**Task instructions:** All of the data should be given again word for word, though the images are to be left out.

── Material to process

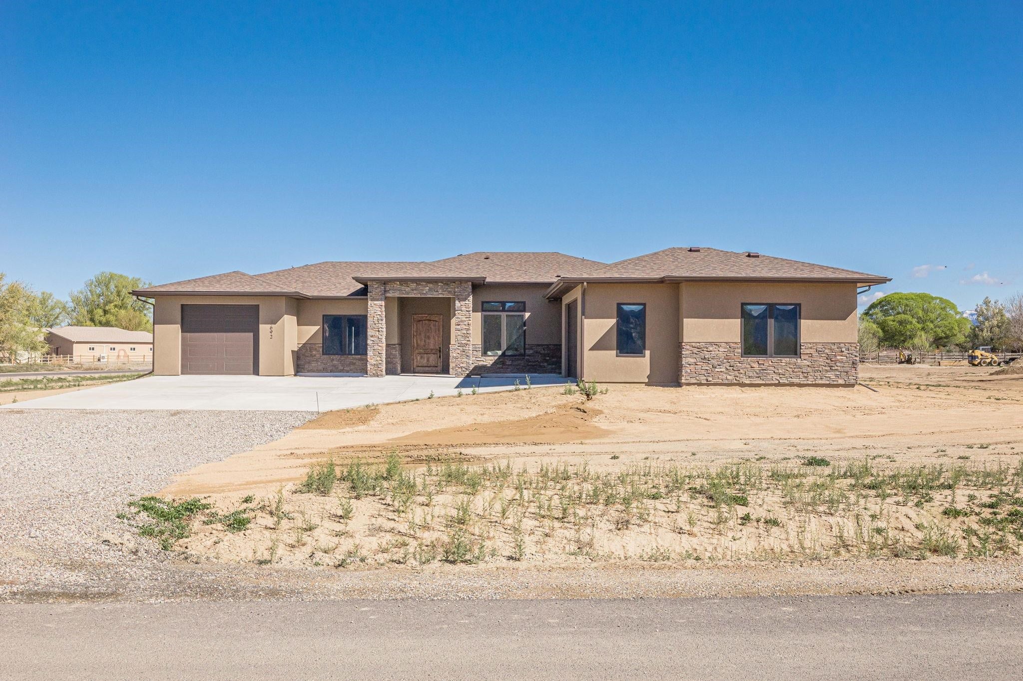 OPEN HOUSE SAT. APRIL 11TH 12P 2P Step inside this beautifully crafted new construction ranch style home just minutes from downtown Fruita! 4-bedroom, 3-bathroom, sprawling open concept home offering just over 3,100 sq. feet of living space, a split floor plan, an attached 3 car garage and situated on a 1.16-acre corner lot with RV parking plus an attached RV garage. Interior features high-end finishes with double oven, granite counter tops, custom cabinetry and a gas fireplace in the living area. The chef-inspired kitchen flows seamlessly into the dining and living areas, ideal for entertaining. The spacious primary suite offers a 5-piece bath with garden tub and a spa-like feel. Dont wait, schedule your showing today!
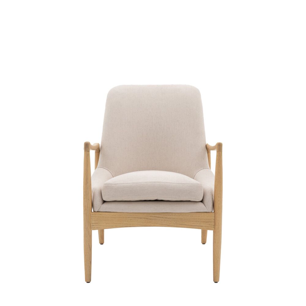 Offering an contemporary twist on mid-Century style, this beautiful chair will suit a wide range of interiors. The oak frame with its natural weathered finish is perfectly complementd by the natural linen coloured fabric. The padded back and seat cushion adds extra comfort to the chair.
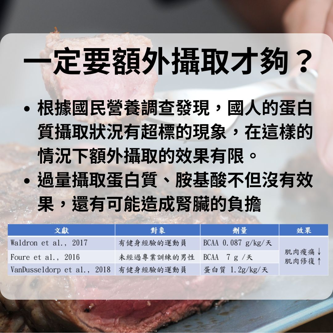 雖然上一段講到有可能會吃不夠,不過因為我們的日常飲食都會攝取到蛋白質,在加上根據國民飲食調查發現,國人的飲食習慣幾乎不太可能會缺蛋白質,因此在攝取支鏈胺基酸上也不太需要擔心會有補不夠的問題,然而以彥褆營養師的經驗來看,即便是這種幫助肌肉修復的營養品,在平常訓練時也要提前開始使用,避免在比賽緊要關頭時,因為身體不適應,導致競技狀態下滑,造成反效果唷!
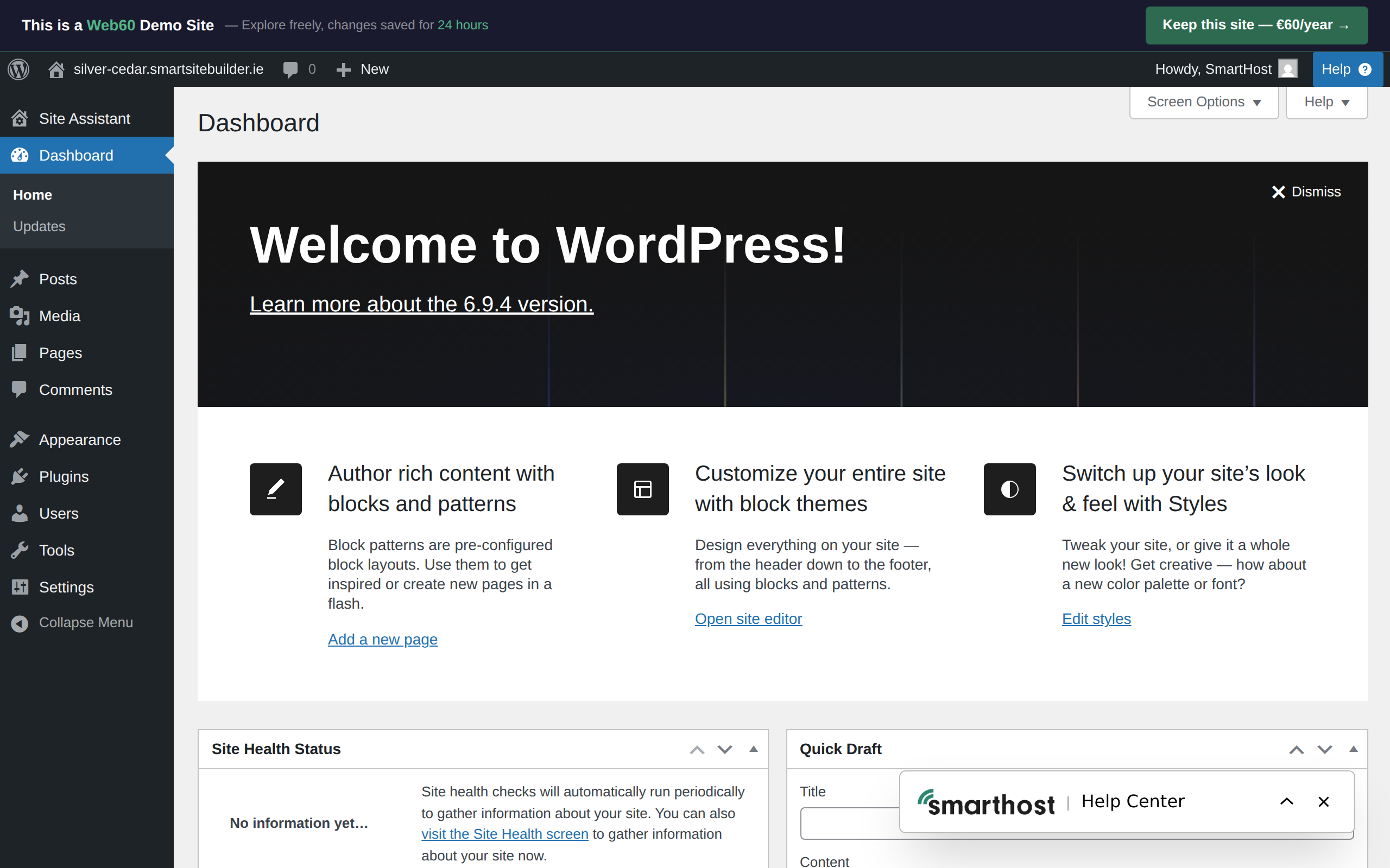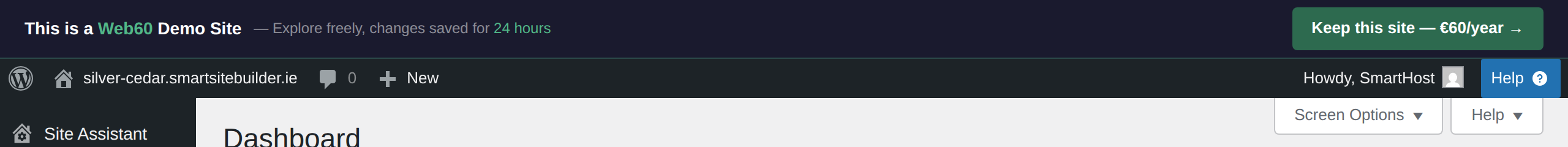 After clicking "WP Admin" from your Web60 dashboard, you'll arrive in your WordPress editor. This is where you manage everything on your website, from writing content to uploading photos. Don't worry if it looks a bit overwhelming at first. This guide will walk you through each section in plain English.
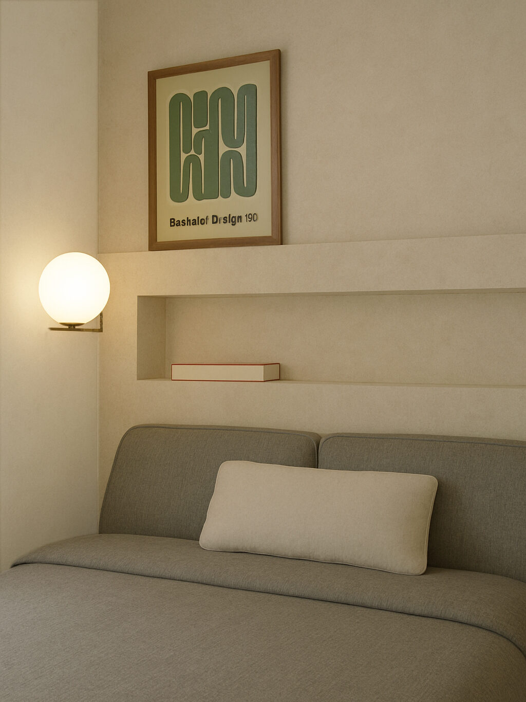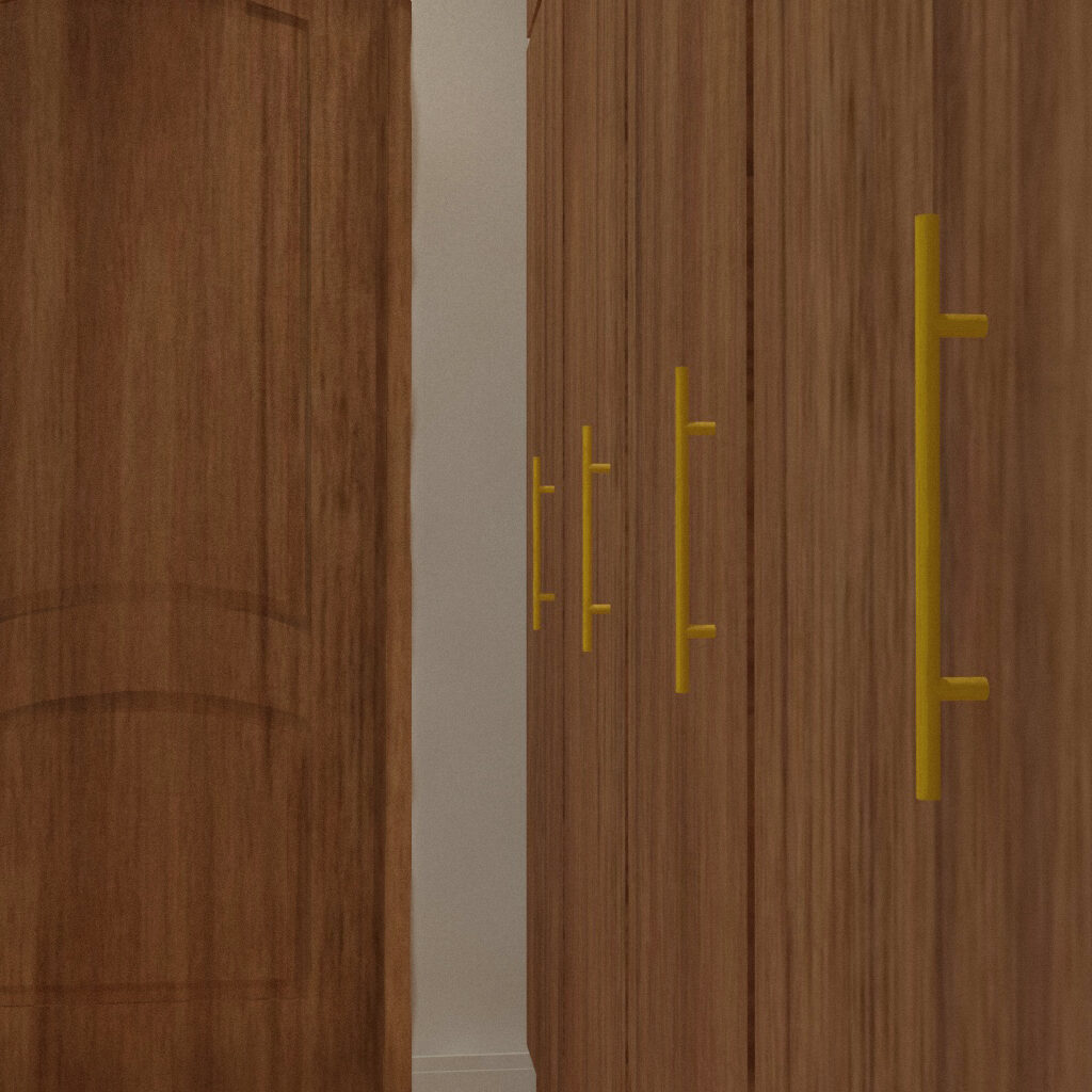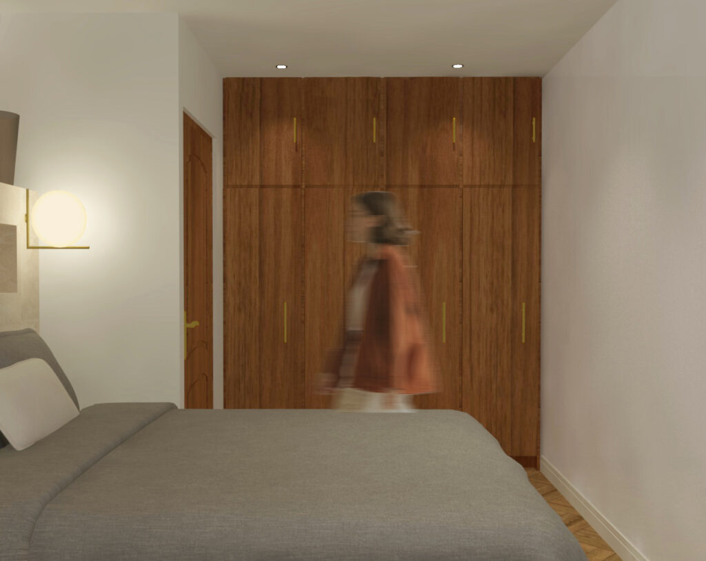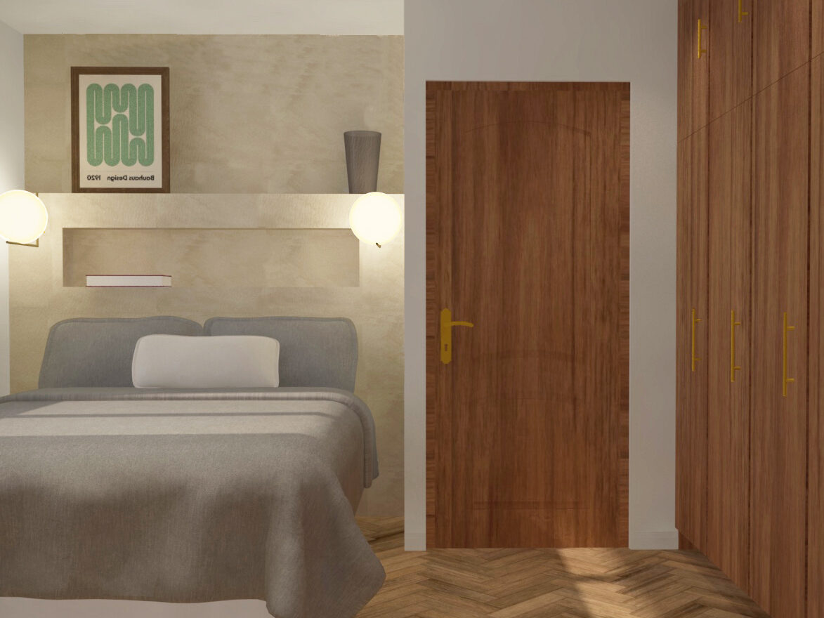 Une tête de lit intégrant une niche, accompagnée de deux appliques disposées de part et d’autre, apporte confort et praticité. Des meubles de rangement toute hauteur agrandissent visuellement la pièce et lui donnent du caractère.Enfin, des poignées en laiton brossé viennent souligner l’ensemble avec une touche d’élégance

────

**Answer below:**
 OPEN HOUSE SAT. APRIL 11TH 12P 2P Step inside this beautifully crafted new construction ranch style home just minutes from downtown Fruita! 4-bedroom, 3-bathroom, sprawling open concept home offering just over 3,100 sq. feet of living space, a split floor plan, an attached 3 car garage and situated on a 1.16-acre corner lot with RV parking plus an attached RV garage. Interior features high-end finishes with double oven, granite counter tops, custom cabinetry and a gas fireplace in the living area. The chef-inspired kitchen flows seamlessly into the dining and living areas, ideal for entertaining. The spacious primary suite offers a 5-piece bath with garden tub and a spa-like feel. Dont wait, schedule your showing today!
 Offering an contemporary twist on mid-Century style, this beautiful chair will suit a wide range of interiors. The oak frame with its natural weathered finish is perfectly complementd by the natural linen coloured fabric. The padded back and seat cushion adds extra comfort to the chair.
 雖然上一段講到有可能會吃不夠,不過因為我們的日常飲食都會攝取到蛋白質,在加上根據國民飲食調查發現,國人的飲食習慣幾乎不太可能會缺蛋白質,因此在攝取支鏈胺基酸上也不太需要擔心會有補不夠的問題,然而以彥褆營養師的經驗來看,即便是這種幫助肌肉修復的營養品,在平常訓練時也要提前開始使用,避免在比賽緊要關頭時,因為身體不適應,導致競技狀態下滑,造成反效果唷!
 After clicking "WP Admin" from your Web60 dashboard, you'll arrive in your WordPress editor. This is where you manage everything on your website, from writing content to uploading photos. Don't worry if it looks a bit overwhelming at first. This guide will walk you through each section in plain English.
 Une tête de lit intégrant une niche, accompagnée de deux appliques disposées de part et d’autre, apporte confort et praticité. Des meubles de rangement toute hauteur agrandissent visuellement la pièce et lui donnent du caractère.Enfin, des poignées en laiton brossé viennent souligner l’ensemble avec une touche d’élégance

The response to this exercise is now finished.